According to Farooque, the CSPO teams’ autonomous vehicle survey results could be summarized into three main issues.

“One bucket is autonomy: How much control do I want to give, and how much control do I want to retain? Number two is the economy and jobs: Am I going to lose, or am I going to gain? What’s going to happen? And number three is safety, but not just safety about saving lives, but is it going to be safe for me to get in one? What’s going to happen in my everyday life?”

The ASU CSPO-led large societal forums on autonomous vehicles will take place in Phoenix, Washington and Boston in May. Thereafter, it will expand to 22 other cities in the summer.

AAAS 2019 honorees

At the conference, Fulton School of Biological and Health Systems Engineering faculty Samira Kiani became the very first ASU recipient of the 2019–2020 Alan I. Leshner Leadership Institute Public Engagement Fellows, given to 10 researchers in this year’s theme of human augmentation.
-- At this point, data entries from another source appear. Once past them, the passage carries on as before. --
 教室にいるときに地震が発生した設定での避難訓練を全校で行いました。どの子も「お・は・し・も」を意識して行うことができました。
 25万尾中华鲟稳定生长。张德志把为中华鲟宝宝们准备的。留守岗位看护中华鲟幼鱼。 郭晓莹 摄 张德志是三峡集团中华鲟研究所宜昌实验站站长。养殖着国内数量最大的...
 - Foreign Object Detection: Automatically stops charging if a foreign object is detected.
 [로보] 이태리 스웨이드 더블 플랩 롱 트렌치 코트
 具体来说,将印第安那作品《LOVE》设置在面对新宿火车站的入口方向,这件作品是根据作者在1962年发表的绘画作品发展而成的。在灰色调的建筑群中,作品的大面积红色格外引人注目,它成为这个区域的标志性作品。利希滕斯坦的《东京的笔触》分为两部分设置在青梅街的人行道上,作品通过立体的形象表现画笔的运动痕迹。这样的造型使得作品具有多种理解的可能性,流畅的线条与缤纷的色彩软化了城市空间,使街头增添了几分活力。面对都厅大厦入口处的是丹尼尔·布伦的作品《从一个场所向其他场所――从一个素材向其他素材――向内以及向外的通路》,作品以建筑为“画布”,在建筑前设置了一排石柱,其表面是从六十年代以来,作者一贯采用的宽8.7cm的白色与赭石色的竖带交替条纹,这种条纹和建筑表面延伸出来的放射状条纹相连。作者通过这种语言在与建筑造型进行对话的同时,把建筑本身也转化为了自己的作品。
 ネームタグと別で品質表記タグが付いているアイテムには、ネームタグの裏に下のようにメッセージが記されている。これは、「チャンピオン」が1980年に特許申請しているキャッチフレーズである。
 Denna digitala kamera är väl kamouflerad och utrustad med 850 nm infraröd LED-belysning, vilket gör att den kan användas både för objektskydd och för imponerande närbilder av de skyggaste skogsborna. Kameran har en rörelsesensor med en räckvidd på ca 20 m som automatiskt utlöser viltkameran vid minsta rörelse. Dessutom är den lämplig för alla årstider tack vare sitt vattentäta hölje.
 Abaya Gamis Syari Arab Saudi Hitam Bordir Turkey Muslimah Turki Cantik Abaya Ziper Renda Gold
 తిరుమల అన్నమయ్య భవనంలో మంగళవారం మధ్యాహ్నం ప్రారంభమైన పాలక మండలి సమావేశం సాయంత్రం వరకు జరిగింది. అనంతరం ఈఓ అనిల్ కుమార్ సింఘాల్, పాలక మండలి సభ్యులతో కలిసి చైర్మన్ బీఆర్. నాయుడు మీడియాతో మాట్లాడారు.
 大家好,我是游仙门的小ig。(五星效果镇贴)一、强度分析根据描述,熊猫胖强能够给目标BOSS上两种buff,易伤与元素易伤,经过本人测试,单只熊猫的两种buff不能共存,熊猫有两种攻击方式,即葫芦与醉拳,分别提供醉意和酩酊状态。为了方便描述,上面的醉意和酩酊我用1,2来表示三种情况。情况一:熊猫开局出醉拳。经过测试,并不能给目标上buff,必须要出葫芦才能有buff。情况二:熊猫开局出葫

These scientists and engineers were chosen for having demonstrated leadership and excellence in their research careers and an interest in promoting meaningful dialogue between science and society.
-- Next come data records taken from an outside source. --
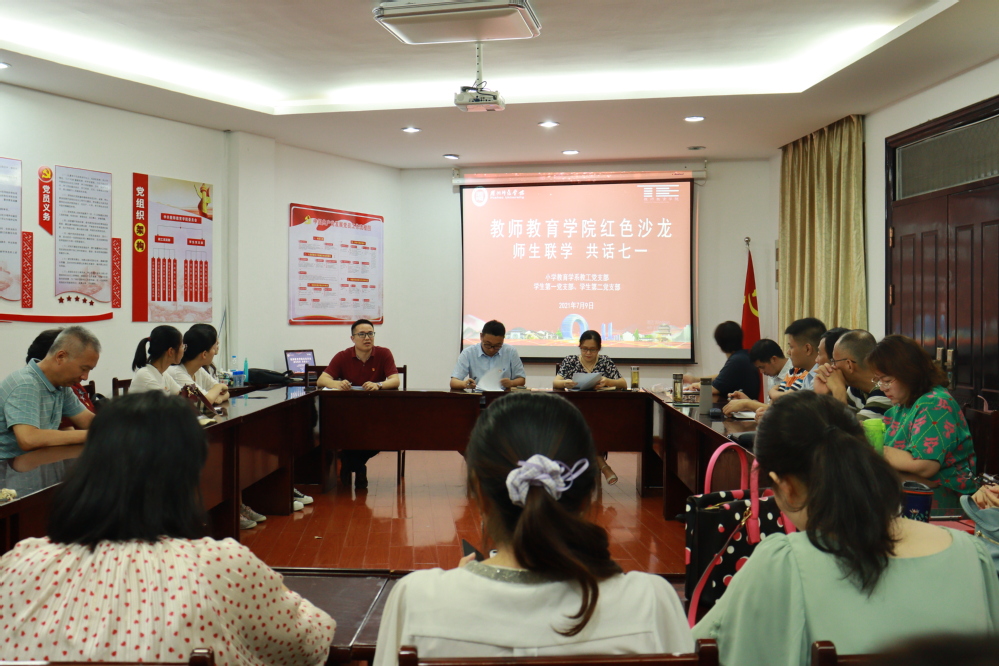 7月9日下午,学院小学教育学系教工党支部与学生第一党支部、学生第二党支部在学院党员之家开展“师生联学·共话七一”党史学习教育联学活动,领悟习近平总书记在庆祝建党100周年大会上的重要讲话精神。师生党支部共计40余人参加本次联学活动。小学教育学系教工党支部书记王燕红主持联学活动。
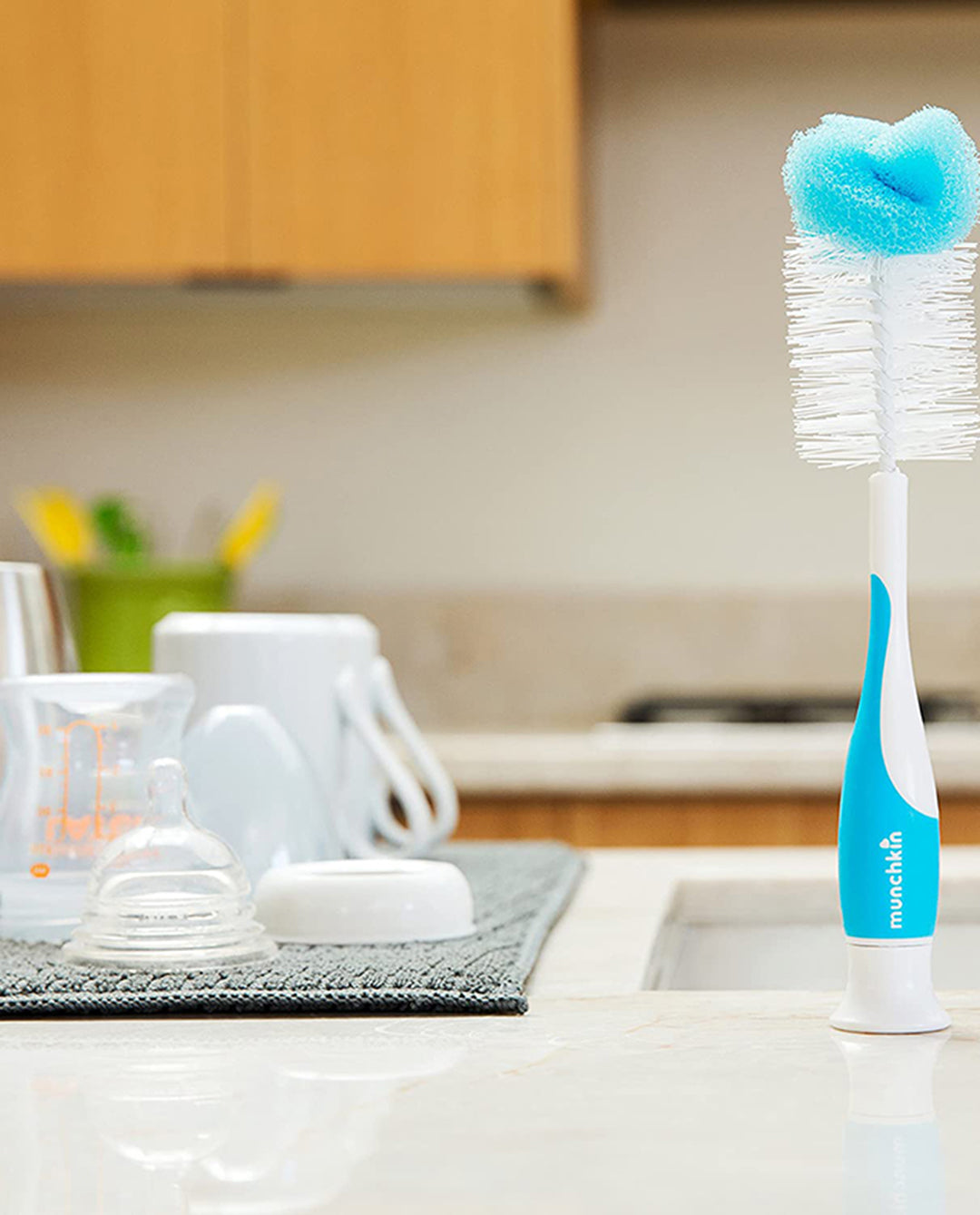 This 2-in-1 brush is a bottle brush and nipple brush in one, so you can clean every inch of your baby bottles with just one handy tool. The sponge tip helps you reach all areas with a sudsy swipe, while the non-slip handle gives soapy hands the right grip while cleaning
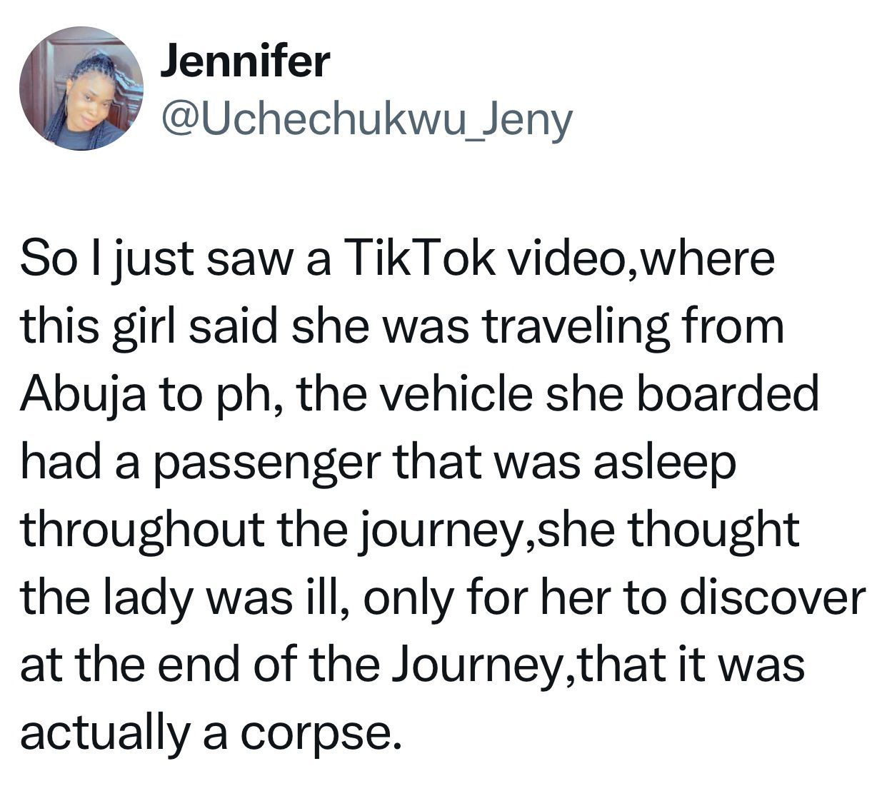 The lady stated that she was traveling from Abuja to Port Harcourt and the vehicle she boarded had a corpse onboard.

“The topic I’m working on is very timely with engaging the public,” Kiani said. “There are so many implications with CRISPR, gene editing and how it is changing the future. And it’s not just in health, but every aspect of our future: climate, food, everything.”

During her fellowship year, Kiani wants to have the opportunity to extend the reach of her documentary, “Code of the Wild.” In collaboration with director and filmmaker Cody Sheehy (Rhumbline Media), Kiani will also work on an initiative called Tomorrow Lab, which aims to foster a creative and engaging dialogue about rapidly developing genetic technologies, how they transform the future and what it means to be human in these reimagined societies. The online learning educational platform will bring together all of the information that exists on gene editing and CRISPR into a highly appealing visual learning tool.

“I thought this was the perfect opportunity to use filmmaking and the creative arts to bring to the forefront the type of conversations that will eventually come up," she said. "As we go forward, more and more conversations are needed because of the recent Chinese gene-edited babies and to see what is actually happening. In my lab, we are developing tools that allow for the safer delivery of CRISPR for gene therapies, and I’m very excited about these technologies. CRISPR has benefits for clinical adult therapies, and beyond.”

Erika Camacho, an associate professor in the School of Mathematical and Natural Sciences at ASU's New College of Interdisciplinary Arts and Sciences, received the AAAS 2019 Mentor Award on Feb. 17 at the conference.

In addition, three ASU faculty — Bertram Jacobs, Hal Smith and Huan Li — also attended the 2019 AAAS Fellows ceremony in recognition of their career contributions to science, and were honored by other past ASU AAAS Fellows and colleagues. Jacobs and Smith were recognized for their pioneering efforts in biological sciences, while Liu was honored for his research in information, computing and communication.

Top photo: Emily Santora, undergraduate global health senior in the College of Liberal Arts and Sciences, and Barrett, The Honors College, prepares to give her poster session talk at the AAAS meeting.